◆ Task prompt ◆
Take the entries that follow and return only the lines from the one with "为深入学习习近平经济思想,领" through the final line, leaving every picture behind.

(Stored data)
+++++

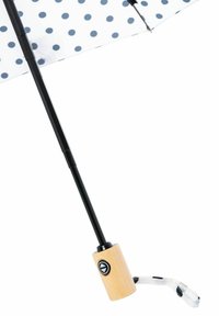 Biały parasol w czarne kropki, czarna trzonka i beżowa rączka z przyciskiem do otwierania i zamykania.
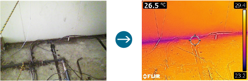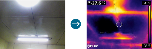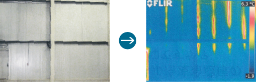 構造上、プレハブパネルから冷気が流出してしまう部分があります。そこがプレハブパネルの弱点です。紹介しているのは実際の写真とその部分のサーモグラフィーの画像です。温度が高い部分は赤色、低い部分は青色で表現されます。これらの画像から継ぎ目の部分で熱損失をしていることが分かります。
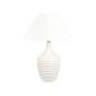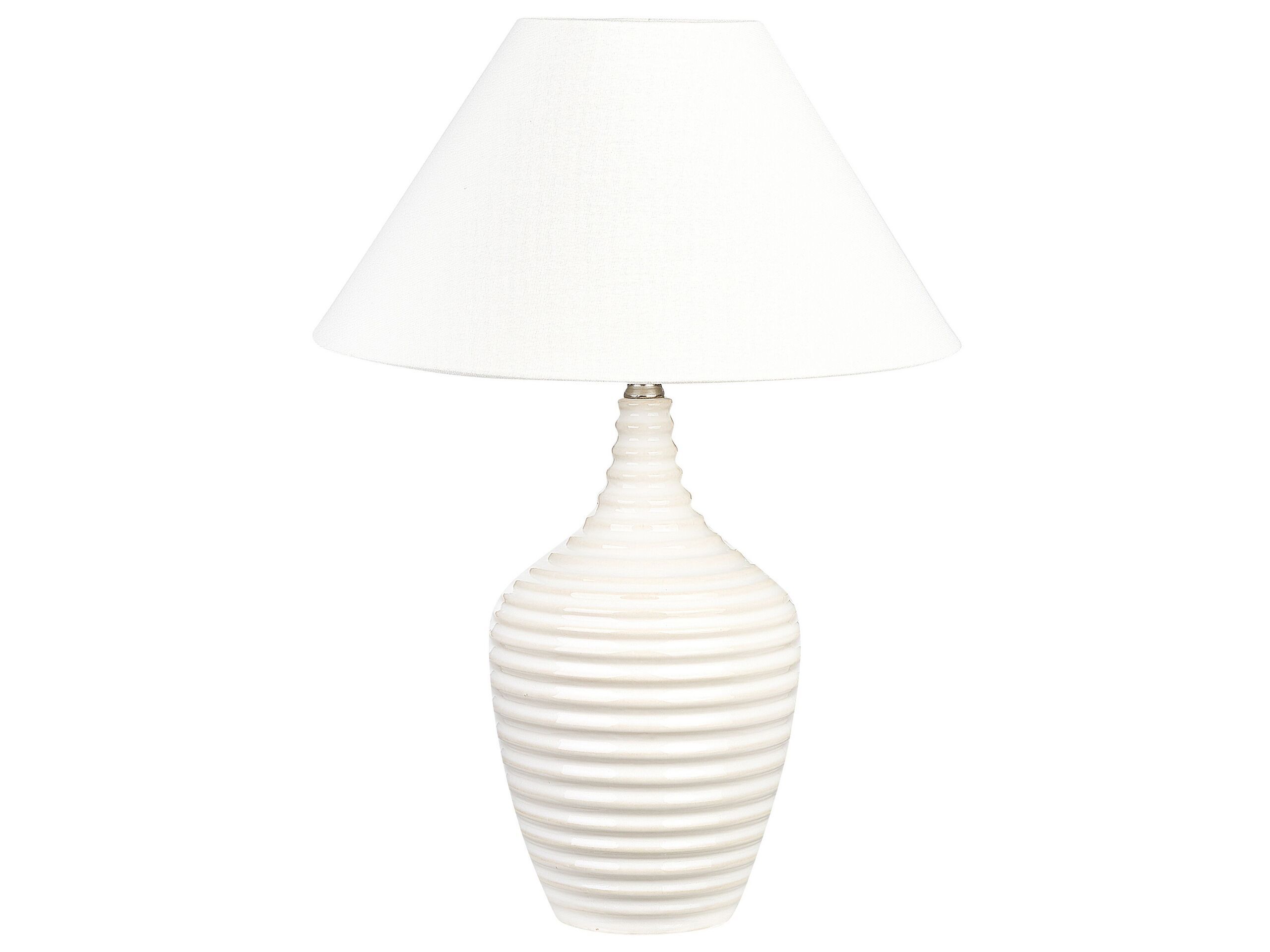 Make your interior feel unique with this exceptional table lamp. Its unique carved base turns this product into a true accent piece that will draw the attention of all your guests. Shade in the matching colour is made from high-quality linen that provides subtle, diffused light. Details: Color: Beige, White. Main material: Ceramic. Additional material: Linen. Material Composition: 100% Linen Weight: 2.8 Assembly: Partial Assembly Required
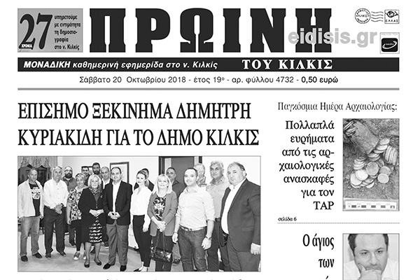 Διαβάστε το νέο πρωτοσέλιδο της Πρωινής του Κιλκίς, μοναδικής καθημερινής εφημερίδας του ν. Κιλκίς
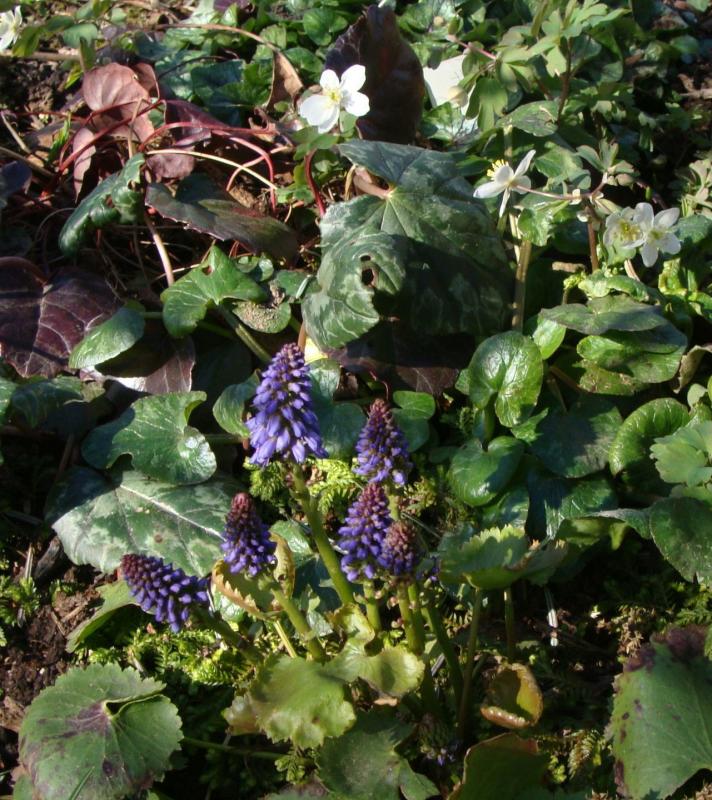 die erste zeigenswerte Pflanze des Jahres bei mir: Synthyris missurica mit 10 Blütenständen. Ich führe das auf die Feuchtigkeit im letzten Sommer zurück. Im Hintergrund Shortia und Isopyrum thalictroides. Die Shortias fangen übermorgen an zu blühen.
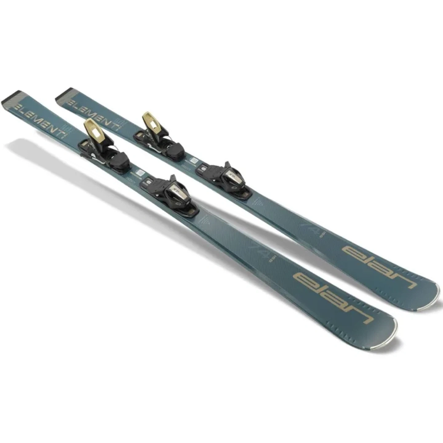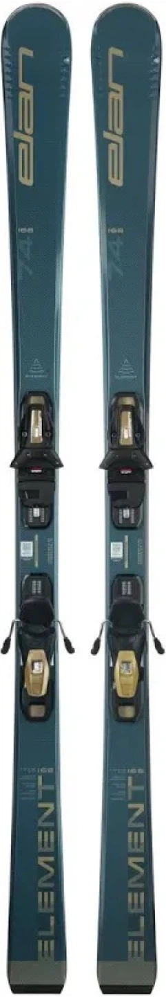 These are Elan Element 74 skis in Blue Shift. They come with bindings attached. This set is 168 cm long.
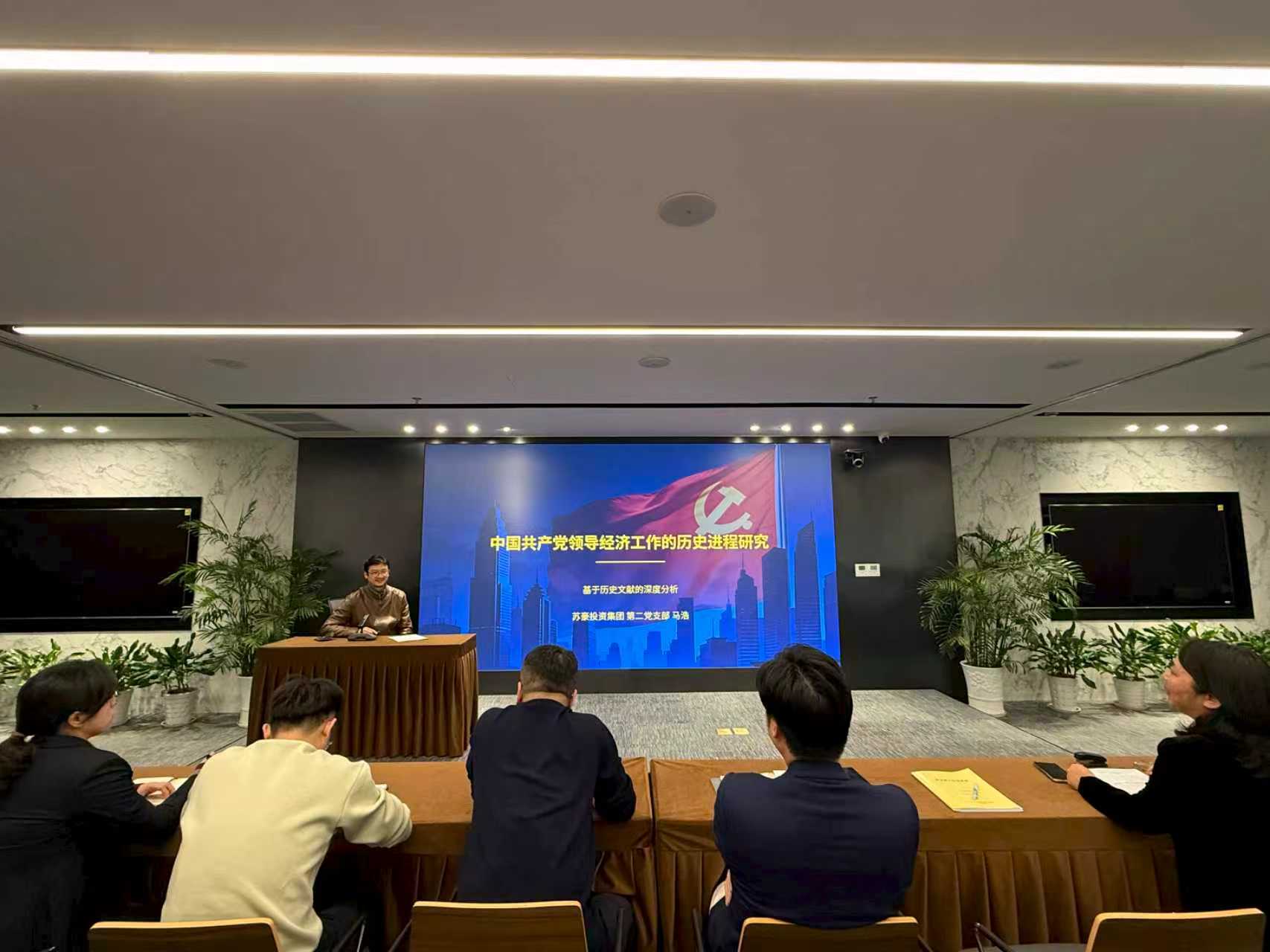 为深入学习习近平经济思想,领悟中国共产党领导经济工作的历史经验与实践智慧,夯实党员同志的理论基础与思想认识,苏豪投资集团第二党支部组织开展专题学习,党员马浩同志讲授党课《中国共产党领导经济工作的历史进程研究》。支部全体党员、入党积极分子共同参与学习,在回顾历史脉络、分析体制架构、总结宝贵经验中凝聚发展共识、汲取奋进力量。
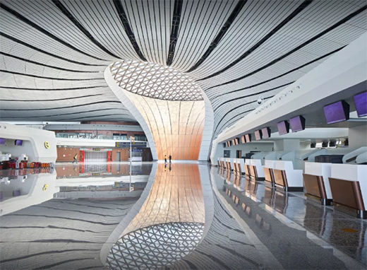 2014年11月,法國(guó)ADP Ingenierie 建筑事務(wù)所和扎哈·哈迪德(Zaha Hadid)工作室成功拿下大興機(jī)場(chǎng)T1航站樓設(shè)計(jì)項(xiàng)目。機(jī)場(chǎng)航站樓形如展翅的鳳凰,是五指廊的造型,按照節(jié)能環(huán)保理念,建設(shè)成為中國(guó)國(guó)內(nèi)新的標(biāo)志性建筑。
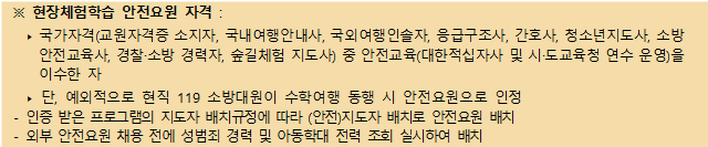 - 수련활동 지도자 명단 및 자격증 사본 1부(청소년지도사 및 안전요원 배치현황 포함)
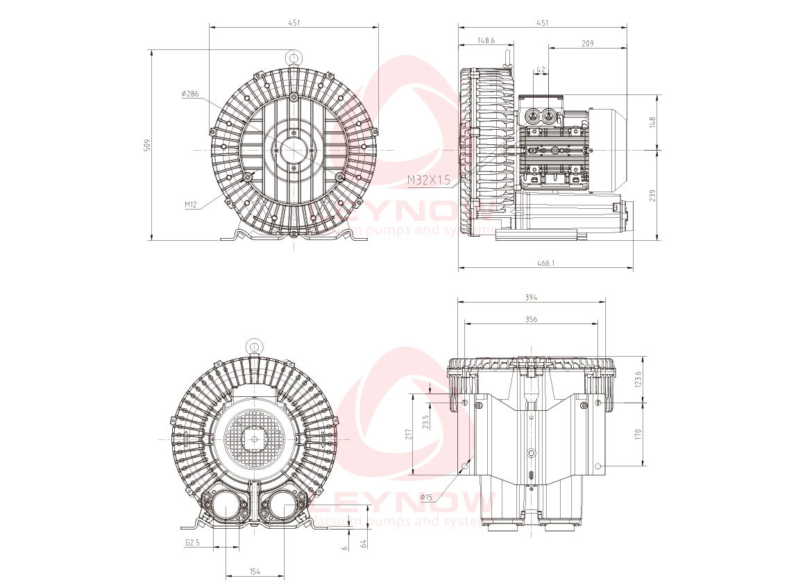 電機功率:7.5 Kw 極限真空:270 mBar 額定電壓:345-415△/600-720Y 額定流量:700 m3/h 額定電流:16.7 A 最大吹力:180 mBar 噪聲等級:70 dB(A) 產品重量:74 Kg
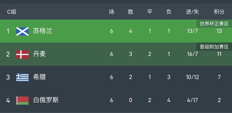 苏格兰13分小组第一,时隔28年重返世界杯。丹麦11分小组第二,拿到附加赛资格。希腊7分,白俄罗斯2分,全部出局。
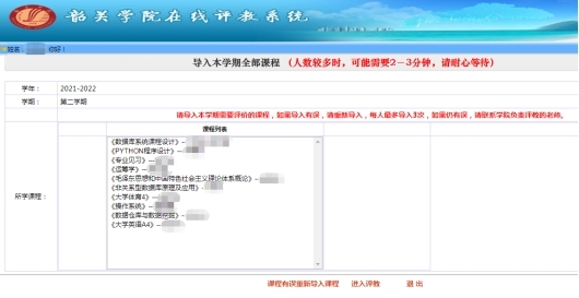 3.课程信息核对无误后,点击“进入评教”开始评教,进入评教后,如发现因网络异常导致课程信息异常的,可在再次重新导入课程。

+++++

◆ Solution below ◆
 为深入学习习近平经济思想,领悟中国共产党领导经济工作的历史经验与实践智慧,夯实党员同志的理论基础与思想认识,苏豪投资集团第二党支部组织开展专题学习,党员马浩同志讲授党课《中国共产党领导经济工作的历史进程研究》。支部全体党员、入党积极分子共同参与学习,在回顾历史脉络、分析体制架构、总结宝贵经验中凝聚发展共识、汲取奋进力量。
 2014年11月,法國(guó)ADP Ingenierie 建筑事務(wù)所和扎哈·哈迪德(Zaha Hadid)工作室成功拿下大興機(jī)場(chǎng)T1航站樓設(shè)計(jì)項(xiàng)目。機(jī)場(chǎng)航站樓形如展翅的鳳凰,是五指廊的造型,按照節(jié)能環(huán)保理念,建設(shè)成為中國(guó)國(guó)內(nèi)新的標(biāo)志性建筑。
 - 수련활동 지도자 명단 및 자격증 사본 1부(청소년지도사 및 안전요원 배치현황 포함)
 電機功率:7.5 Kw 極限真空:270 mBar 額定電壓:345-415△/600-720Y 額定流量:700 m3/h 額定電流:16.7 A 最大吹力:180 mBar 噪聲等級:70 dB(A) 產品重量:74 Kg
 苏格兰13分小组第一,时隔28年重返世界杯。丹麦11分小组第二,拿到附加赛资格。希腊7分,白俄罗斯2分,全部出局。
 3.课程信息核对无误后,点击“进入评教”开始评教,进入评教后,如发现因网络异常导致课程信息异常的,可在再次重新导入课程。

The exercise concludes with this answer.